Dream deferred: the most inspired caseworker in America's most lauded welfare agency can barely do his job

Washington Monthly, Sept, 2004 by Jason DeParle

Mi-ike!" she rasped. She stood so close it was all he could do to keep from backing away. She talked with such a loud lisp he thought she might be retarded. She was missing half her teeth, and her skin looked almost plastic. If she weren't so big in the butt, he would have guessed she was smoking crack. That's the thing he had noticed about addicts: Their butts were the first thing to go. As her sandpaper voice silenced the room, even the receptionists stopped to stare. "I need a coat, Mi-ike! You're my caseworker now, Mi-ike!" Michael Steinborn felt his loathing for his job surge to new highs. "She's a mile a minute with the 'Mikes,"' he thought. "My new best friend."

Since inheriting her case months earlier, he had known her only as a computer code. She hadn't answered his appointment letters. (Typical.) She hadn't complained when he docked her check. (Not typical.) Now here she was in shirtsleeves in January, with the wind-chill factor 24 below. Coats weren't part of Michael's job on the front lines of Milwaukee's famous welfare experiment. That's what the office had its high-priced "community outreach" team for. But given days to produce, the outreach team had produced only excuses. "They haven't gotten you a coat?" he asked. "Look at me, Mi-ike--does it look like I have a coat?" There was a thrift shop down the street. Michael promised her a coat. He was halfway out the door when he spotted the hole in the scheme: He only had $4. He climbed back up the stairs, bummed a loan from a coworker, and ran four blocks through the snow. The drifts swallowed his office-worker shoes and buried his toes in ice.

The thrift store was out of coats. Them was another thrift store two blocks away, and another sprint left him surrounded by coats--blue coats and black coats, long coats and short coats, so many coats that he was losing his way when a voice came into his head.
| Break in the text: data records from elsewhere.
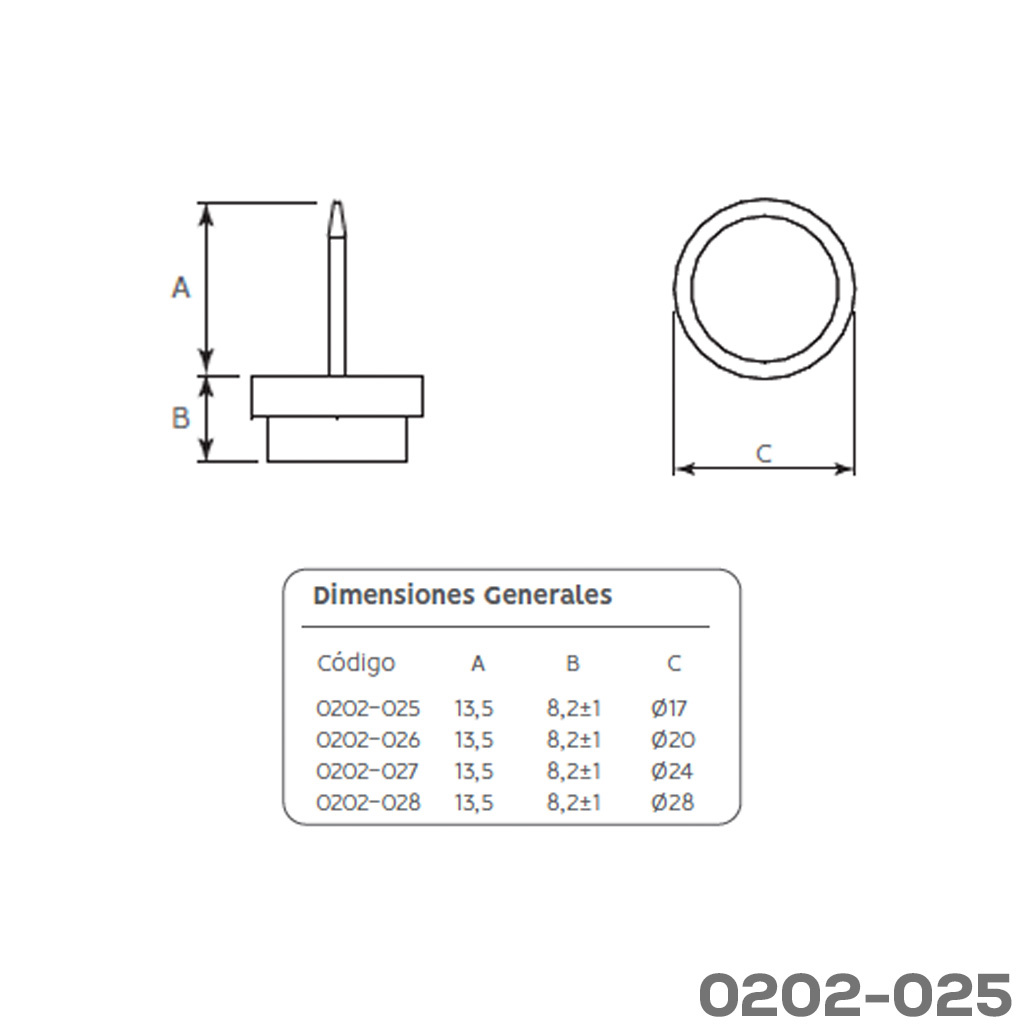 Inicio Otros Resbalón con clavo Cerrajes plástico + felpa Ø=17mm H=8,2mm blanco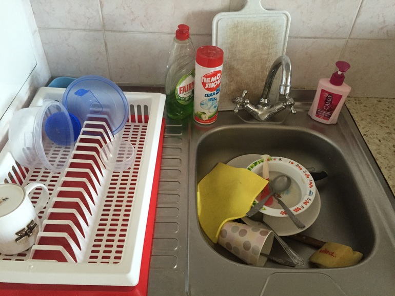 Сушилку убрала в сторону, пока мыла раковину))) я ее периодичекски мою и убираю, а так она у меня обычно стоит на том же месте)))))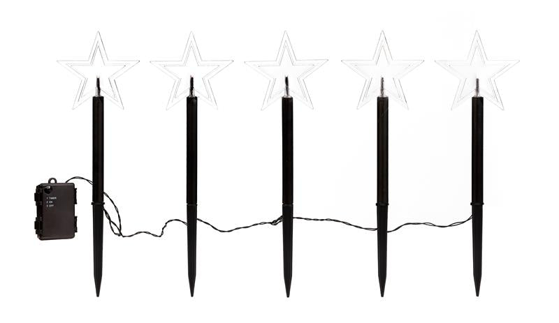 Dieses Set besteht auf 5 Leuchtstäben im Stern Design. Jeder Stern ist mit je 1 warm-weißen LEDs beleuchtet. Der Abstand zwischen den Sternen beträgt ca. 35 cm. Die Stromversorgung erfolgt über 3x 1,5V AA Batterien (nicht im Lieferumfang). Damit die Winterdeko nicht immer eingeschaltet werden muss, haben wir die Weihnachtsdeko mit einem 6 / 18 Stunden Timer ausgestattet. Ist der Timer am wasserdichten Batteriefach aktiviert schaltet sich die Beleuchtung der Stern-Gartenstecker nach 6 Stunden Betrieb für 18 Stunden aus und schaltet sich dann wieder für 6 Stunden ein. Die Höhe der Leuchtstäbe beträgt mit Erdspieß ca. 35 cm. Die Gesamtlänge beträgt ca. 220 cm.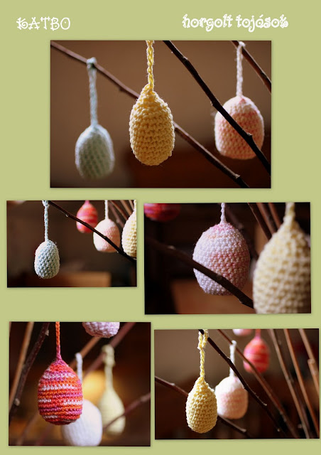 Bodza Beánál megláttam a horholt tojásait, és én is kedvet kaptam hozzá. A teljesen érthető leírást pontosan betartva is ilyen összevisszák lettek. Nincs köztük két egyforma, van amelyik inkább füge, mint tojás. Húsvétig még többet szeretnék meghorgolni, mert szívesen ajándékoznék ilyet a családban a felnőtteknek, de még az is lehet, hogy egy-két arra érdemes férfiember ilyen tojást kap a hétfői locsolásért.
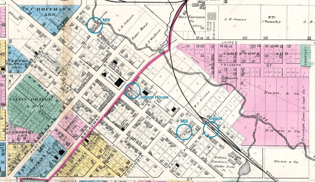 Late in the evening of July 16, 1863, Confederate General John Hunt Morgan entered Jackson with 2,000 cavalrymen, meeting with no resistence. Finding many townspeople assembled, the raiders took the men as prisoners and held them at the fairground. They then foraged the town at will, taking food and all available horses. The raiders also burned the Cincinnati and Marietta Railroad depot and destroyed the office of The Standard, the Republican newspaper. Morgan made his headquarters at the Isham House, directly across the street from this marker. He continued eastward on the afternoon of July 17. Strongly divided politically during the Civil War, Jackson received no speical consideration by Morgan. Both unionists and “Copperheads” (southern sympathizers) suffered equally.

It was the familiar voice of self-reproach, his You Idiot! voice, and it reminded him that he wasn't there to make a fashion statement: just pick one, you idiot! He chose a blue ski jacket with a pink collar, nicer than anything he had expected. It cost $11. He had $9. The clerk made a show of contempt, but let the difference slide. It wasn't exactly a landmark in the annals of social work. But Michael allowed himself a frisson of satisfaction. The nail filers in outreach had sat around all week; Michael Steinborn, can-do guy; had gotten something done.

She lifted her arms over her head and made a sour face. "It's a little snug when I do this, Mi-ike!" The slapstick line came to mind: "Then don't do this!" But the coat had another problem. The zipper didn't work. Back he went, six blocks through the snow. Back to the sign that warned: "No Exchanges. All Sales Final." What was he supposed to say? Special exceptions for dumb-ass social workers with ice in their shoes? A bit of groveling brought a lined denim jacket and a zipper that zipped. "Mi-ike!" she said. "The other one was better looking than this!"

Mi-ike wasn't going back out in the cold. Mi-ike wasn't wearing a coat himself. He left his at home because his clients' kids kept wiping their Cheeto hands on it. Mi-ike was done talking about coats. "Okay, Mi-ike," she said. How about a bus pass? Four days later, in shirtsleeves again, she told Michael's supervisor that no one would help her find a coat.

A social worker! Michael Steinborn couldn't believe he was a social worker! Six months earlier, he was an unemployed jack of the building trades, drinking vodka for breakfast and wondering how he and his pregnant girlfriend were going to get by. Now he was a caseworker--er, "Financial and Employment Planner"--offering indigents career advice. He hated the grip of starched collars on his throat. He hated the office's new-carpet smell. Above all, he hated feeling responsible once again for the fiascos of ghetto life. Raised in the central city, the son of a small-time landlord, Michael had patrolled the ghetto since grade school, when his father first dispatched him to help collect the rents. "Son, take it from me," Ted Steinborn had warned, after another tenant had skipped out on a debt. "They'll take and take, and then they'll spit you out." Michael took pride in never ducking a fight and had his nose broken three times. The last thing he brought to his profession was a sentimental view of the poor. "I never wanted to be a sucker for a sob story," he said.

Yet as a caseworker, Michael was surrounded by sob stories, and like his father he believed some of them. He could carry on about his clients' bad-faith betrayals, but sometimes he felt he was lying, too, talking up the promise in their going-nowhere jobs. "People will call and say, 'I got a job!' I feel like saying, 'You're going to have a really fucked-up time living on $6.41 an hour.' But my job is to bullshit them, to say, 'Hey, that's great, it's a first step.'" Clients liked Michael. Clients trusted Michael. To an extent rare among the city's 150 caseworkers, Michael's career served as a tutorial on what conscientious casework can (and can't) achieve.